# FS: Stargrass,Oak Leaf, Vals & Swords



## Jman17H (Nov 9, 2006)

Shinnersia rivularis (Mexican Oak Leaf) - 9 bunches (5-6 stems) - $2.00 per bunch
Heteranthera zosterfolia (Stargrass) - 3 large bunches (10-15 stems) - $3.25 per bunch
Vallisneria spiralis x. "Crystal" (Crystal Val) - 70 plants - $2.75 for 10 plants 
Echinodorus ozelot (Ozelot Sword) - 4 small plants - $2.50
Echinodorus amazonicus (Amazon Sword) - 3 Large Plants - $2.25 per plant
Lemna minor (Duckweed) - any portion you want for free with plant order or price of shipping if only thing wanted. (This is not in tank with other plants!). I have enough to fully cover a 75gal. 

Also willing to consider trades for: 
Anubias (especially Anubias gigantea, Anubias barteri v. ‘Coffeefolia’ & Anubias gracilis, among others) 
Limnophila aromatica 
Vallisneria "Dark Red Jungle Val" 
Crypts (especially lutea, undulatus, Balansae, Retrospiralis, Spiralis, becketti, among others) 
or other interesting plants

Shipping will be $4.50 and payment by non-cc paypal only or cash upon pickup just south of Polaris mall in Northern Columbus.


----------



## toffee (Jul 5, 2005)

How big are you sword plants? and how much to ship to calif?


----------



## Jman17H (Nov 9, 2006)

The Ozelot swords are small offsrping of a 14" mother plant that I gave to a friend a few weeks back. The young ones have between 2-5 leaves that are maybe up to 3-4". I have pruposly kept them from ideal conditions so they would not grow as quick to the size of the mother plant but I am sure that if you give them what they need that they will be there in no time. i have 3 of these left.

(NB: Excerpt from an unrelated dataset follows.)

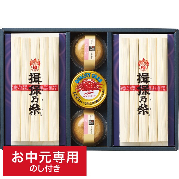 ●商品内容:賛否両論 海鮮和風「たい」ジュレ70g×2、マルハニチロまるずわいがに(ほぐしみ)55g×1、手延素麺揖保乃糸(上級品)(50g×5束)×2

As for the amazon swords, 2 of them are probably 16-18" tall (they touch the surface of a 75 gal) and one is probably 12" tall.

By how much to ship to calif?, I am assuming you mean California (west coast) and not the town in PA or elsewhere? I just realized the other day the shipping prices go up Monday but it would still be around $5 for Priority Mail which takes 2-4 days to arrive.

I will be out of town till Monday evening and thus not able to ship till Tuesday but I will be checking me email and pm's so let me know what you would like and I will send you the total amount with my paypal account info and upon payment can have them in the mail Tuesday.



toffee said:


> How big are you sword plants? and how much to ship to calif?


----------